Restaurant manager to pay back $17,000
A former restaurant manager of Speights Alehouse in Bealey Avenue has been sentenced for causing the business a loss of nearly $17,000 by manipulating points onto customers’ loyalty cards.
Paul Thomas Foster, 38, fiddled the system over three years, and admitted four charges of causing a loss by deception.
Defence counsel Andrew McKenzie said Foster was remorseful and regretted the offending, and had $4000 in cash to pay towards reparation. He was prepared to pay the rest back at $100 a week.
He had a gambling addiction, Mr McKenzie said, but had reliable employment and could pay the reparation.
In the Christchurch District Court, Judge Alistair Garland said over three years Foster manipulated the point system of the loyalty cards by loading and redeeming points from the card holders.

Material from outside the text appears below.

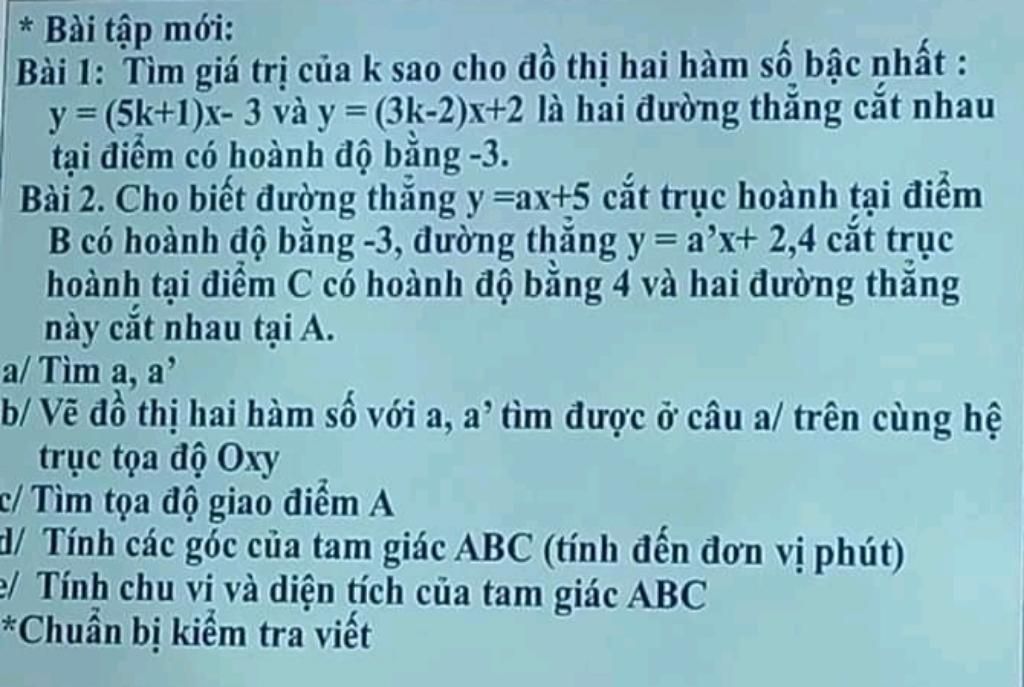 Bài 1: Tìm giá trị của k sao cho đồ thị hai hàm số bậc nhất :

He said Foster’s probation report said he was a medium risk of re-offending, and had a gambling problem, but was a good, reliable worker at his current employment.
The victim impact report said the company had to spend countless hours, and money, using the police and private investigators to catch Foster.
The dishonesty left a stain on the business and the manager’s capacity to trust staff in the future, it said.
Judge Garland sentenced Foster to six months’ community detention with an 8pm to 6am curfew, 200 hours’ community work, and 12 months’ supervision.
He ordered that the reparation of $16,952 be paid.